A canoe has a velocity of 0.390 m/s southeast relative to the earth. The canoe is on a river that is flowing at 0.760 m/s east relative to the earth.
Find the magnitude of the velocity v⃗ c/r of the canoe relative to the river
Given Velocity of canoe relative to earth = Vce = 0.390 m/sec. Southeast relative to the earth
Vce = 0.390 m/sec. at 45 deg south of east
Let x-direction will be in east direction and positive y-direction be in north direction.

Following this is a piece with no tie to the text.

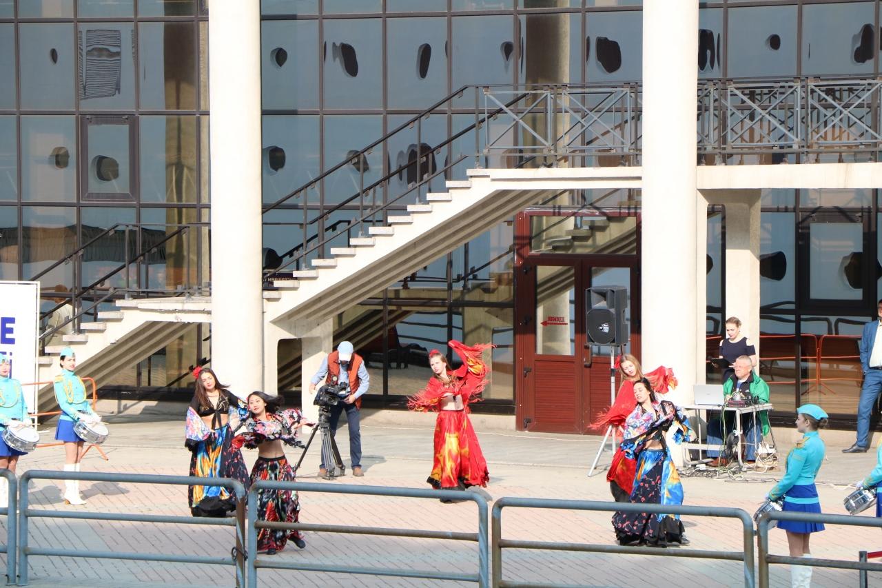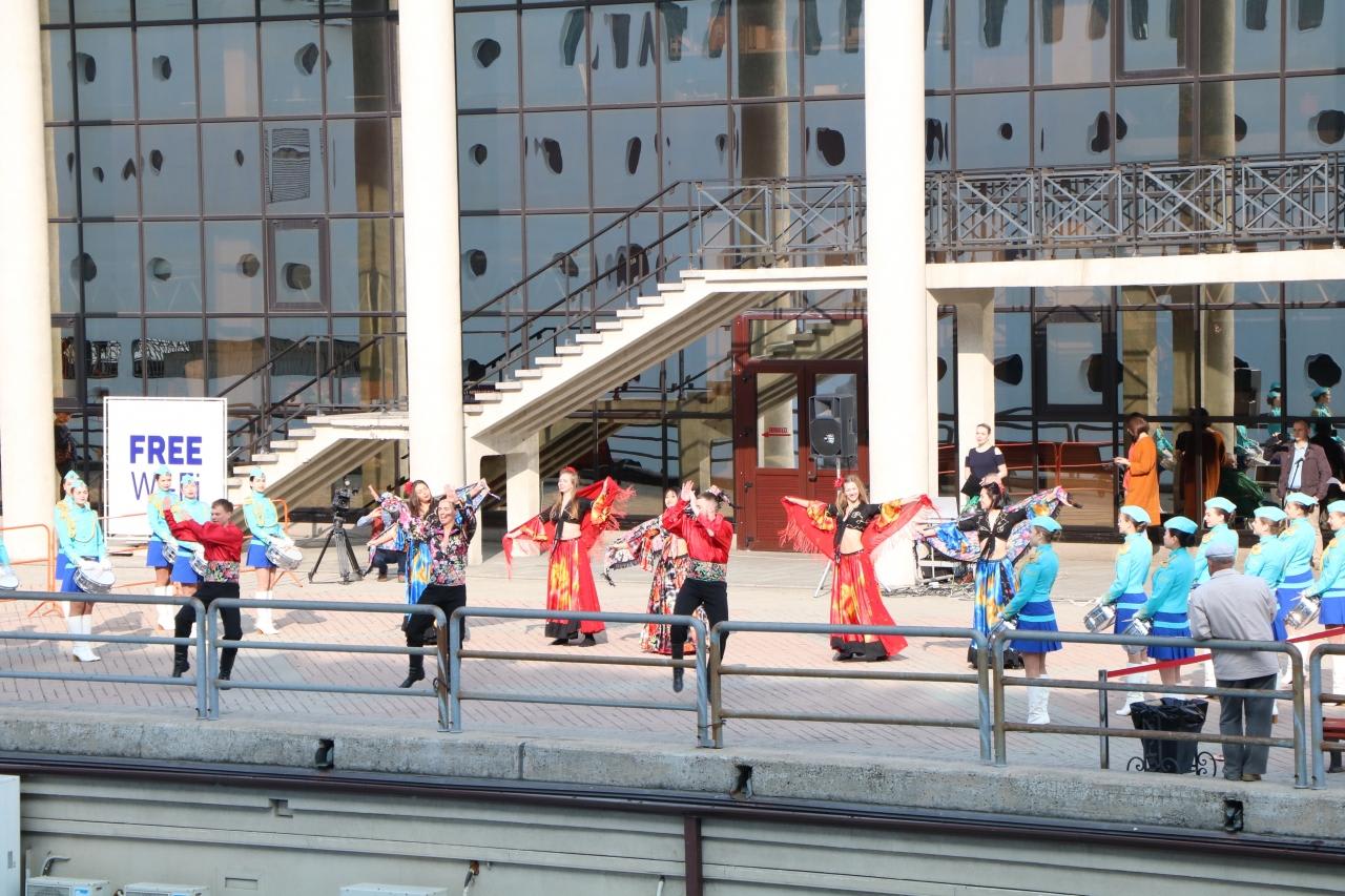 コスタネオロマンチカがウラジオストク港に着岸したと同時に盛大な歓迎セレモニーが行われ、ウラジオストク観光への期待に胸が膨らみました。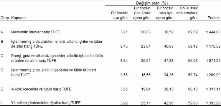 Geçen yılın aynı ayına göre en az artış gösteren ana grup yüzde 14,76 ile konut oldu. Geçen yılın aynı ayına göre en fazla artış kaydeden ana grup ise yüzde 67,22 ile lokanta ve oteller oldu.

So, Vce = 0.390*cos(45 deg) i + 0.390*sin(45 deg) (-j)
Vce = 0.276 i - 0.276 j
also, velocity of river = Vre = 0.760 m/s in east direction
Vre = 0.760 i
Now using relative velocity,
Vce = Vcr + Vre
here, Vcr = velocity of canoe relative to river = ??
Vcr = Vce - Vre
Vcr = (0.276 i - 0.276 j) - 0.760 i
Vcr = (0.276 - 0.760) i - 0.276 j
Vcr = -0.484 i - 0.276 j
magnitude = |Vcr| = sqrt(0.484^2 + 0.276^2)
|Vcr| = 0.557 m/sec.
direction =
=
arctan(Vy/Vx)
=
arctan(0.276/0.484)
= 29.69 deg
therefore velocity Vcr of the canoe relative to the river at 30 deg at south of west.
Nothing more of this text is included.